- [DIRECTIONS FOR THIS TASK]: Would you repeat the data below exactly, taking out the images?

- [GIVEN MATERIAL]:
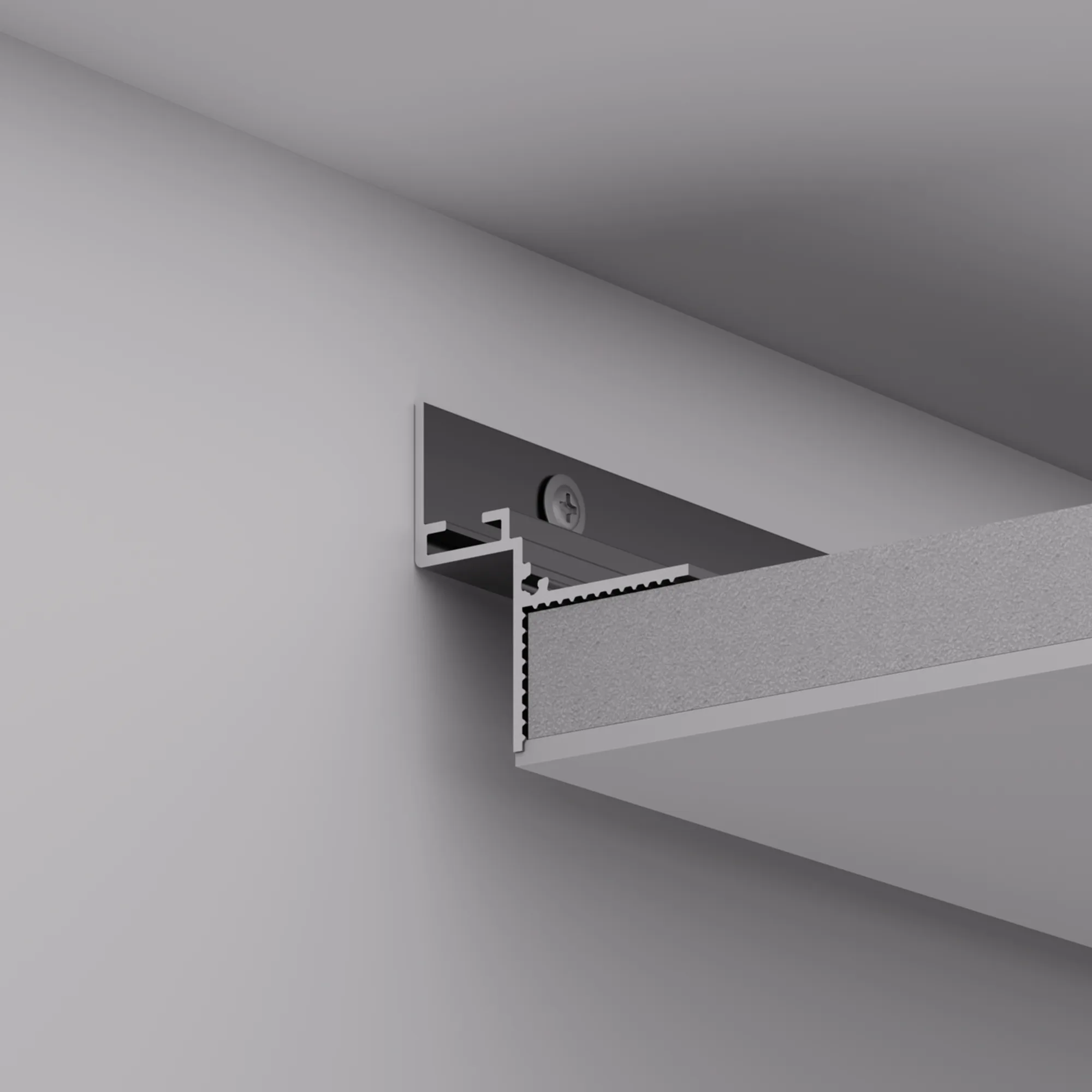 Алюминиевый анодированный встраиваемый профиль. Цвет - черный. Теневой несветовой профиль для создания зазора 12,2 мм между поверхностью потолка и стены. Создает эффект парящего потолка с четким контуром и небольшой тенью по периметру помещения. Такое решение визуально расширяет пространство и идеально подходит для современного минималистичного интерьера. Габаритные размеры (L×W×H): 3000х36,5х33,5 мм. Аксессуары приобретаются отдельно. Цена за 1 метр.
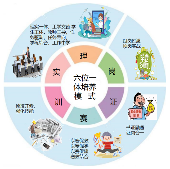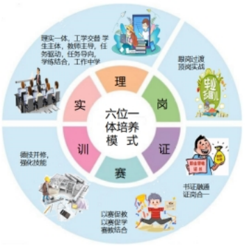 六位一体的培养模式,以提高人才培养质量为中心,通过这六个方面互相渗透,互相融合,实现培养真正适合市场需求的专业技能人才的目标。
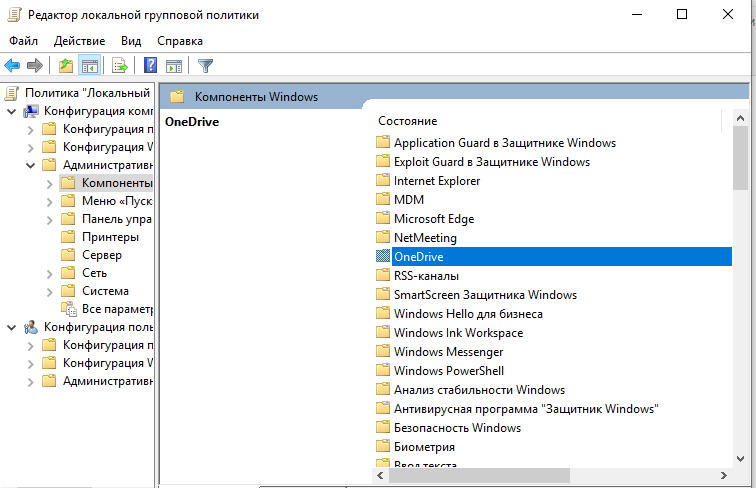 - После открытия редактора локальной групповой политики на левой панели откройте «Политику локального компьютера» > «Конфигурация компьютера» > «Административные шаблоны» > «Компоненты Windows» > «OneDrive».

- [OUTPUT]:
 Алюминиевый анодированный встраиваемый профиль. Цвет - черный. Теневой несветовой профиль для создания зазора 12,2 мм между поверхностью потолка и стены. Создает эффект парящего потолка с четким контуром и небольшой тенью по периметру помещения. Такое решение визуально расширяет пространство и идеально подходит для современного минималистичного интерьера. Габаритные размеры (L×W×H): 3000х36,5х33,5 мм. Аксессуары приобретаются отдельно. Цена за 1 метр.
 六位一体的培养模式,以提高人才培养质量为中心,通过这六个方面互相渗透,互相融合,实现培养真正适合市场需求的专业技能人才的目标。
 - После открытия редактора локальной групповой политики на левой панели откройте «Политику локального компьютера» > «Конфигурация компьютера» > «Административные шаблоны» > «Компоненты Windows» > «OneDrive».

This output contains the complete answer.